Exploring Martin Luther's writings in the 500th year of Reformation

Martin Luther and the Lutheran Reformation have had such influence throughout the world that during this 500th year, we can benefit by reviewing Luther’s writings. Martin Luther was this planet’s first bestselling author. One of his bestsellers was The Freedom of a Christian written in 1520 and published in 30 editions by 1526. His twin themes – that always go together – were: A Christian is a totally free lord of all and subject to none. A Christian is a totally dutiful servant of all, subject to all.

In this freedom that is given to those who trust the forgiveness of their sin for Christ’s sake, the Christian is free to serve others even as Christ Jesus has served us all.
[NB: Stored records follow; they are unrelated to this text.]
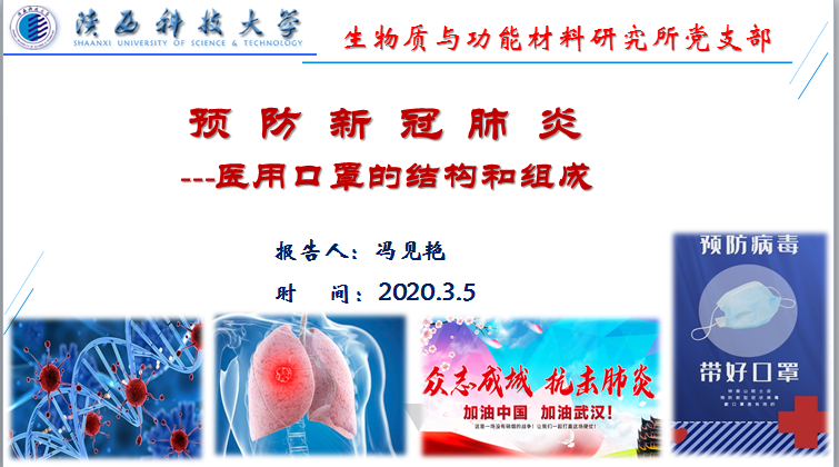 活动共分两个阶段。首先,党支部书记冯见艳同志带领全体党员对近期疫情防控的相关政策精神进行了学习。而后,她结合轻工学院特色专业非织造材料与工程相关知识,主讲了题为《预防新冠肺炎—医用口罩的结构和组成》的“云党课”。党课对口罩——这一特殊时期必备物品,从专业的角度进行“解剖”分析,重点对其无纺布材料组成及熔喷生产、防护机理及生产流程等进行解读,逐步把话题引向深入理解党中央“科学防控”主线,激励支部党员将所学专业与战“疫”相结合,奉献在前,学习在即,共抗疫情。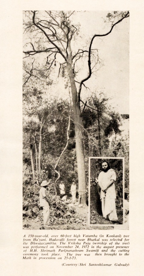 The Rathotsava at Shirālī was put on hold for about 34 years and reinstated in 1973 by H.H. Shrīmat Parijñānāshram Swāmījī III. By this time, the Koḍī Khāmbŏ (Dhwajastambha) was in a dilapidated state and needed replacement. The new Stambha was installed in the middle hall i.e. the earlier portico (opposite the present Devī Bhuvaneshwarī Sannidhi) with Āgamokta Vidhi-s in the august presence of H.H. Shrīmat Parijñānāshram Swāmījī. It would later be copper plated and placed in a permanent pīt͟ha adorned with a bronze Nandī at the shikhara.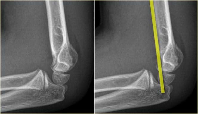 Một đường kẻ qua trung tâm cổ xương quay phải đi qua trung tâm của chỏm con, bất kể tư thế của bệnh nhân như thế nào, vì xương quay khớp với chỏm con (hình minh họa).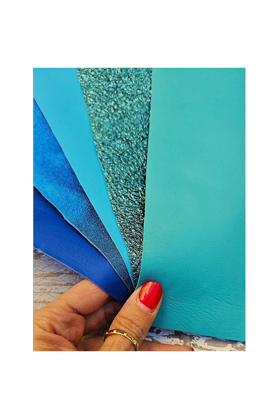 5 Ritagli di pellami unici selezionati, toni VERDE e BLU, laminati e non, pezzi mix di colori come da foto 25x20 cm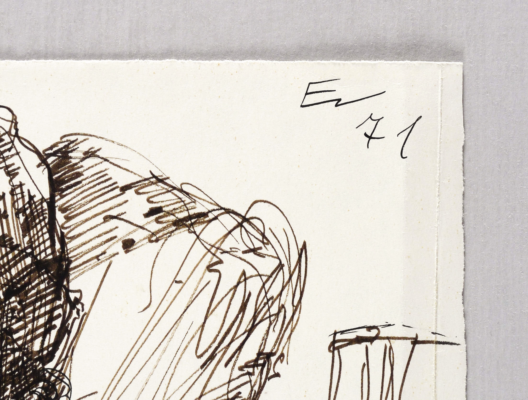 Rechts oben in schwarzer Feder monogrammiert und datiert: ″ES 71″. Verso nochmals in Feder signiert: ″Eva Schwimmer″. Dazu maschinenschriftlich Widmung: ″Geschenk für Frau Dr. Magdalena George″. – Provenienz: Nachlass der Kunstwissenschaftlerin Magdalena George, Leipzig, Autorin einer Max-Schwimmer- Monografie und des Werkverzeichnisses der Druckgrafik von Max Schwimmer. – Originale Vertikalfalte im rechten Rand. Guter Zustand.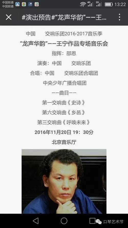 那是在2016年11月19日的早上7:30,我被电话声吵醒。这是周六。电话里传来急促而熟悉的曾在中国文联工作过的林大姐的声音,她让我赶紧起床,10:00去中国交响乐团排练,有一个交响曲需要口琴,明天晚上要在北京音乐厅正式演出。我当时还在睡梦中,迷迷糊糊的,以为她跟我开玩笑呢!可她接着问我几点去接她,我才猛然意识到这是真的了……我飞快地洗刷完毕,匆匆忙忙准备口琴。由于林大姐没告诉我用啥口琴,啥调的,我只好带着一套“东方鼎”套琴及一只半音阶口琴赶往中国交响乐团排练厅。在路上我跟林大姐说,我很忐忑,我经常跟口琴团队演出或者跟录音伴奏吹,但从来没跟这么的交响乐团一起演奏过,吹什么旋律,多大难度我都不知道,我会很紧张的。她说以前听过我的口琴演奏,觉得肯定能胜任。

Martin Luther wrote a lot about government. He urged the ruling nobility to establish public schools in every town so that both the boys and girls could be taught in both German and Latin, thus creating well educated citizens who would serve productively in the land. He urged Christian rulers to provide for the poor and the weak in their lands because the rich and the powerful would take care of themselves and not need assistance. He urged groups of people to raise money to feed the hungry and help the needy.

Martin Luther developed a tremendous wit and sense of humor as a direct result of his faith in Christ. His sense of humor and his witticisms grew after he came to realize that he and others are saved in this life and in the life of the coming kingdom of God by God’s grace through faith for Christ’s sake. As a young lecturer at Wittenberg University, he told his students that on his trip to Rome and back he saw (and paid to see) enough nails that had been certified by Church authorities to be the authentic 3 nails that were used to hold Jesus on the cross that Luther could shoe half the horses in Saxony with them.

Later in his life, he anonymously wrote a pamphlet that announced some newly found relics would be displayed with a special indulgence from the Pope. One half of the money paid by people to view these new relics would be used to provide wrappings for the old relics so that they would not freeze. Among these new relics were three flames from the burning bush that Moses saw on Mt. Sinai and two feathers and an egg from the Holy Spirit. After the pamphlet had circulated widely, Luther identified himself as the author.

The more I learn about him, the more I appreciate him. Some of his writings are so appropriate for our time and place in history, that they read as if they were written yesterday.